Darauf zog es mich ins Land hinein, links an den Wabasch. Schon der Name »Harmoniten« reizte mich. Ich wanderte mit meiner Tochter, wie in einem langen Traume, im süßesten Sonnenschein. Aber die Flasche konnte ja Unrecht haben, ich konnte nun erst am gewaltigsten irren, nun ich glaubte Recht zu haben! Das Gefühl, Unrecht gethan zu haben, verstimmt mit der Welt und macht blind auch. Und wollte ich billig seyn, ich konnte nicht leugnen: diese Deutschen in alle den Ansiedlungen, die ich nun antraf, schienen mein Heimweh überstanden zu haben! Denn sie schienen nicht nur, sie waren wirklich glücklich. Bei mäßiger, ja nicht der Rede werther Arbeit glückliche, harmlose Landleute. Sie waren keine Städter, keine von der alten Welt gebildete oder verbildete Leute, kurz keine Gelehrte, keine Vornehme gewesen. Und doch sagte mit ein Doctor, der hier zum Bauer geworden: »Welch Unglück ist größer, als eine große Stadt? -- Welche Lüste tauchen dort auf wie aus feuerspeienden Bergen und schwelgen sich satt! Hier im ganzen Lande, den einzelnen Meiereien, ist kaum ein treuloses Weib. Kein Spieler. Ich sage meine ganze Überzeugung: Es ist nichts schöner und menschlicher, als ganz an und mit der Natur zu leben! Versteht sich menschlich! Menschlich mit Blumen, die man tränkt, menschlich mit alten Bäumen, menschlich mit dem Lamme, dem Hunde, ja mit dem Bär im Walde und mit der Schlange. Denn durch Milde des Menschen sind alle Thiere zähmbar, dienstbar zu machen, und alle sind seiner väterlichen Stimme, seinem liebevollen Auge unterthan, denn die Thierseele ist auch noch ein Hauch von der großen Seele, wenn auch nur wie letzter rosiger Hauch an den Wolken in wunderlichen Gestalten, noch heiliges Licht der Sonne. Gartenbau, Feldbau, das ist das erste, mittle und letzte Geschäft selbst des einst ganz klaren, ganz großen Menschen, und im Schooße der Natur wird es am ersten, am schuldlosesten, wenn einmal die Flamme in ihm entbrannt ist -- und sie ist entbrannt! Und hier im Lande werden nur lauter Gärten seyn, lauter Gärtner und Bauern. Aber ein Bauer ist ein ungeheurer Kerl, groß wie Adam,« schloß er lächelnd. Der Doctor begleitete uns auf der Weiterreise, bis nach dem kleinen Flecken Fashionout oder Modelos, welchen Engländer angebaut, um der Mode zu entfliehn.

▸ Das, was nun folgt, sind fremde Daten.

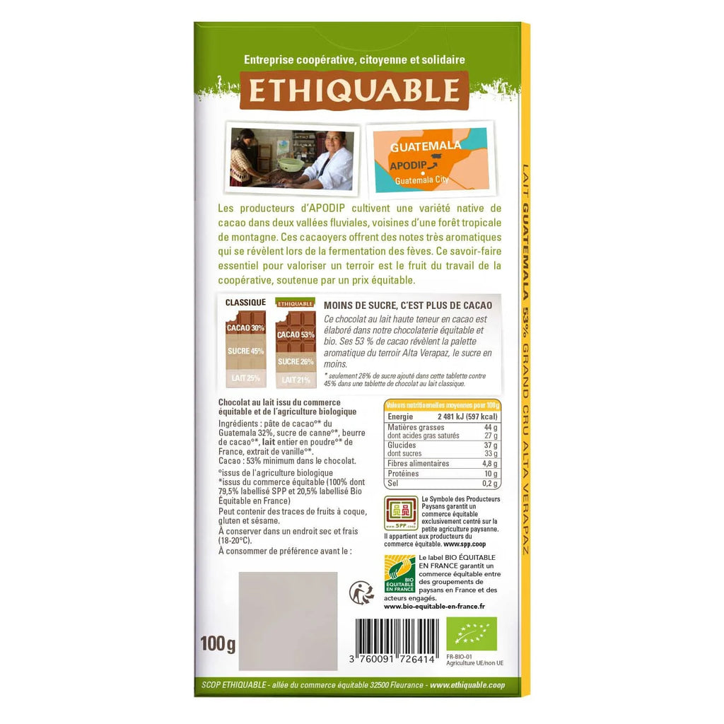 Milk chocolate 53% Guatemala Grand Cru Alta Verapaz A milk chocolate with a high cocoa content means less sugar in the bar. Guatemalan cocoa reveals delicious notes of caramel and fresh butter and, even more surprisingly, nuances of licorice, roasted coffee and red fruits.

Mein Gott! wie oft des Tages mußte ich hier im Lande mein kaum gesagtes Wort zurücknehmen! Zu des Doctors Lob des Bauers hatte ich gesagt: In der freien Natur, in einzelnen Pflanzungen hebt das angeborene richtige Gefühl die Menschen über den kleinlichen, schwelgerischen, neidischen, erbärmlichen Verkehr großer Städte. Und hier gilt nur das Herz! Kein Rang, kein adliger Stolz, nicht Schaam einer niedrigen Magd. Man sieht, was in Europa die Seelen bedrückt, das Gefühl der Stände, des eigenen, von Jahrtausenden ausgedrückten Unwerths, das nicht zum Gefühl der _gleichen_ Menschenwürde empor gelassen wird -- nur fort nach Amerika. Ich mußte das Wort sehr bedingen. Denn der Doctor frug mich nun gern: »Warum wandern die so ziemlich freien Engländer aus? -- Um der Sclaverei der Mode zu entfliehn, der Jeder, der reich geworden, erst recht verfällt! Ein ruinirter Fashionable, den ich curiren soll, sagte mir erst gestern: die Mode ist die albernste Gesetzgebung, die kostspieligste; die Mode ist das Ungeheuer, welches Europa's Fleiß, der Männer und Weiber Schätze, Lebenslust und wahres Leben auffrißt. Die Europäer, vor allen die Engländer, sind die wahrsten Sclaven durch die Mode. Die Engländer -- denn ich bin keiner mehr, sagte er -- sind überall frei -- aber im Hause Sclaven! Es wäre besser, sie wären in der Nachtmütze, in Pantoffeln, bei der Suppe, bei Messer und Gabel frei, als frei überall außerdem auf Land und Meer. Alle Künste müssen darüber zu Grunde gehn, alle Künstler, kurz Land und Leute. Die englische Gesellschaft und ein jeder Abdruck derselben umher ist die erbärmlichste auf dem Erdboden, und wenigstens zehntausendmal erbärmlicher als die chinesische, wo doch viel zu merken und viel zu lernen ist; aber Alles auf Zeit Lebens, auf das Leben vom Urgroßvater bis zur Urenkeltochter und immerdar in die selige Ewigkeit. Hier in Fashionout beobachten wir Menschenanstand, und kleiden uns und leben nach Wetter, Bedarf, Vermögen, Gesundheit.«
Ich aber dachte, daß Deutschland 2500 Städte hat und 40 Millionen deutsche Zungen, Seelen, oder _Mäuler_, wie die Chinesen sagen, und Großmäuler, wie die großen Deutschen gern sagen.